Bummer... do you have the Power Amp Assign set to "Basic"?

Double check your speaker connections on the back of the receiver, reading the labels carefully... just in case.


----------



## Otter2k (Jul 8, 2013)

Tony, well, after reading the manual and fooling around with a lot of the functions with no luck, I turned off the receiver and went for a walk with my daughter. I came back and turned it on go turn off the ARC control and everything across the board was working. Blu-ray, ipod and TV. I can't explain why, but as long as it's working, I am happy! 
Sonnie. I do have poweramp assigned to basic. There is a 5.1 plus zone 2 option, but it puts red around a couple of the speakers. Although they may be speakers I don't have. Do you recommend 5.1 over basic?


----------



## Sonnie (Apr 11, 2006)

I would just leave it on Basic unless you have a need for something else.
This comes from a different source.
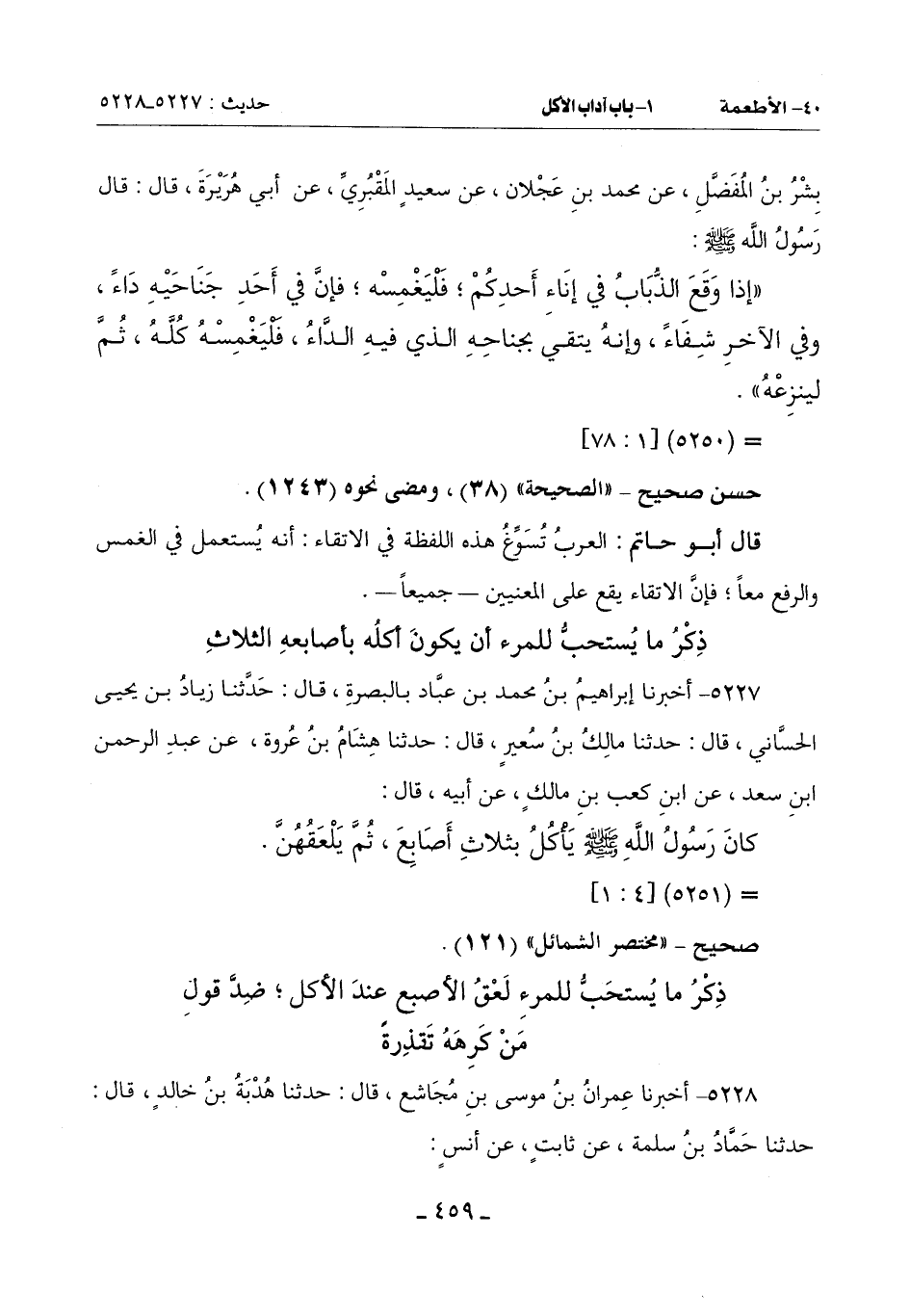 5228 - أَخْبَرَنَا عِمْرَانُ بْنُ مُوسَى بْنِ مُجَاشِعٍ قَالَ: حَدَّثَنَا هُدْبَةُ بْنُ خَالِدٍ قَالَ: حَدَّثَنَا حَمَّادُ بْنُ سَلَمَةَ عَنْ ثَابِتٍ عَنْ أَنَسٍ: -[460]-

Glad you got it working :T


----------



## tonyvdb (Sep 5, 2007)

Otter2k said:


> I came back and turned it on go turn off the ARC control and everything across the board was working. Blu-ray, ipod and TV. I can't explain why, but as long as it's working, I am happy!
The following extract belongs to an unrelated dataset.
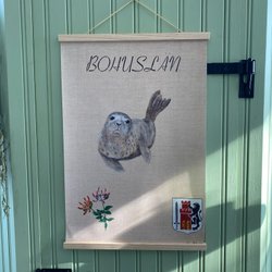 Väggbonad med motiv av landskaps djur, blomma och vapen.

Hmm, thats odd but at least its going. Enjoy :T


----------



## Otter2k (Jul 8, 2013)

Thanks so much for the help figuring out my HDMI issue. However, I have another question regarding the 3020 and the optical in. I have tried running multiple optical sources into AV3 optical port (OPTICAL 3 port)as well as the Audio 1(2 TV) (OPTICAL 5 port). I go to setup and input assignment. The optical in for my music player is set to the 3rd option on my controller, so I go over to AV setting and column 3, optical row choose 3 as the input option. This didn't work so I tried Audio 1 column and once again the optical row and chose 3 again. With both my music player and my DVD player using optical out, I am unable to produce sound in either instance. Hopefully I am just doing something silly. Any help would be much appreciated.

Thanks


----------



## Sonnie (Apr 11, 2006)

Maybe someone will know. It seems like you are doing it right though. I never tested the optical input in the review.


----------



## novisnick (Oct 2, 2013)

Ottar2k,
Have you gone to the setup for the channel assignments? This is sometimes overlooked.
Peace,
Nick


----------



## shene (Aug 3, 2014)

I have a Yamaha 3010. I have trouble with the HDMI jacks also. Seems after use for while and repeated plugging and unplugging and with heavy cables (needed due to long runs), they loose some contact and often require carefully inserting and positioning them to keep them from "drooping" and losing contact, either for sound or for a color or completely lacking handshake. 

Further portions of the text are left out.